Despite the fact that most mutations do occur randomly as tumors progress to the metastatic state, some mutations are indeed associated with a particular stage in the metastatic process. For example, changes in regulation of cell proliferation or cell death often are among the earliest changes found in new tumors, long before the tumors become metastatic. Alterations in cell-cell adhesion, and protease production often are seen after the changes in proliferation but before metastasis is observed because they are required for cell invasion across the basement membrane and into the tissue stroma. Other mutations may be seen later in tumor progression as the cells are becoming or have become capable of metastasis.

Could the distinction in the time of appearance of a particular mutation be useful clinically? We believe that it is.
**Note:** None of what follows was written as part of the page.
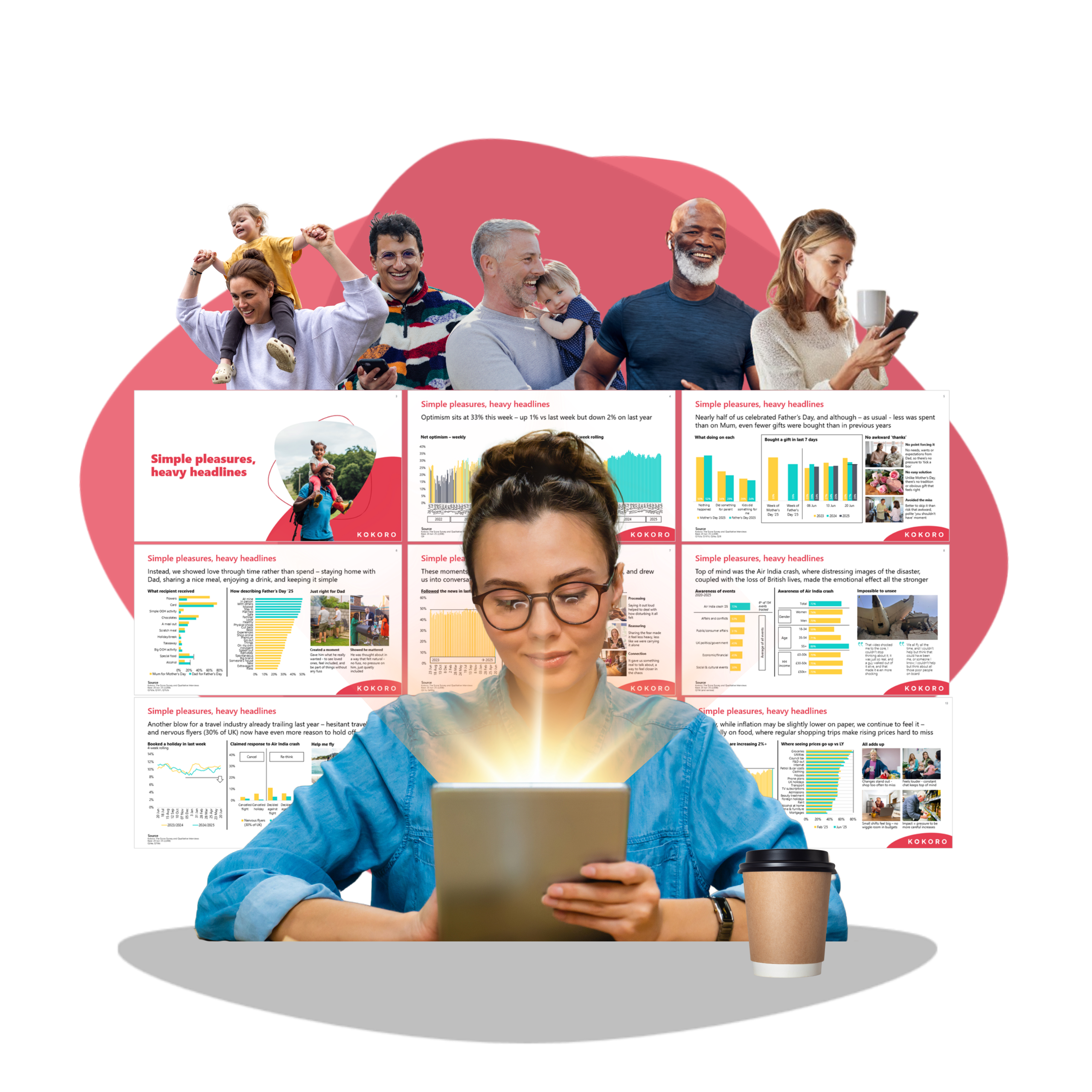 Kokoro deliver a pulse of the nation like no other I have seen. It sits perfectly in a whitespace between ‘robotic’ big data and the rich nature of qual. Brilliantly weaving a narrative that feels so intuitive and true, it helps us understand how the nation are behaving with richness and robustness, and images as much as data.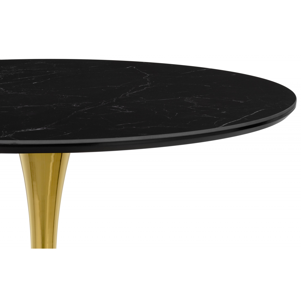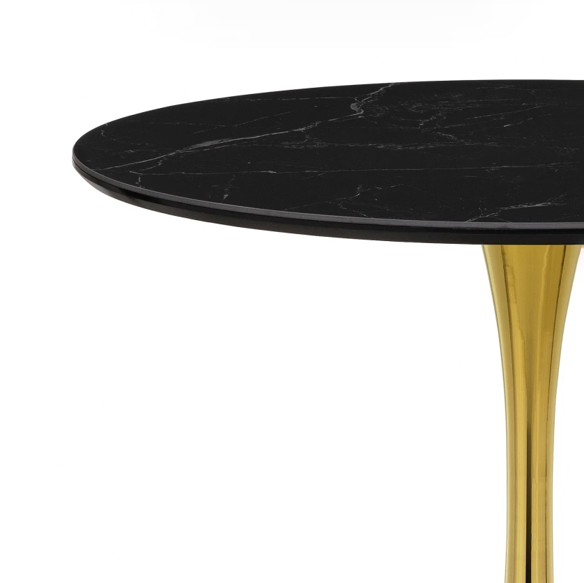 Основа столешницы МДФ 16мм, сверху керамическое полотно толщиной 6мм. Каркас изготовлен из прочного металла в цвете золотой глянец. Толщина столешницы: 2,5 см.

For example, if we wish to know if a particular patient has or does not have cancer, we should use a marker that comes up very early and is expressed continuously by the tumor. In this way, all patients with that cancer will be detected by screening for that marker. In contrast, a marker that comes up when a tumor is converting from non-metastatic to metastatic may be useful in tumor prognosis. A patient without evidence of that marker may have a tumor that is still confined to the primary site and can be eliminated by radiation or surgery. In contrast, a tumor that produces a metastatic marker may have already produced micrometastases at a distant site and require systemic treatment with chemotherapy or anti-angiogenic agents. Markers produced by aggressive tumor cells may also be used to immunize patients (tumor vaccines) and use the body's immune system to attack the aggressive tumor cells.

In our own lab, we have found that certain molecules that regularly appear later in metastatic progression can be used to predict the course of prostate cancer in patients. The PSA test, which is used to diagnose prostate cancer, is not as useful for telling whether a patient will go on to develop metastatic disease. In contrast, we have developed a panel of markers that appear to be able to predict which tumors are likely to go on to metastasize or have likely already produced metastatic colonies. The prototype for this type of molecule is thymosin beta-15, a molecule that stimulates cell migration and promotes metastasis in prostate cancer cells. We and others have now shown that tumors in which thymosin beta-15 cannot be detected are unlikely to develop metastases and may not warrant aggressive treatment. In contrast, tumors expressing thymosin beta-15 are more likely to have disseminated metastases and are candidates for aggressive systemic therapy. (A more complete description of this molecule can be found in the section of this web site devoted to prostate cancer.) A large number of cancer biomarkers are currently being developed in our laboratory and by others in our program (see Dr. Marsha Moses). Such markers can be used for several purposes including: 1) detection of early cancer; 2) prediction of tumor cause and outcomes; 3) detection of recurrent cancer; and 4) determination of appropriate therapy.

Beyond developing cancer biomarkers, a second goal of our laboratory is the development of new therapies that specifically target metastatic tumors. Given our expertise in the understanding of the process of metastasis, along with new tools for the screening of drug libraries, we are beginning to identify therapies that selectively target metastatic tumors.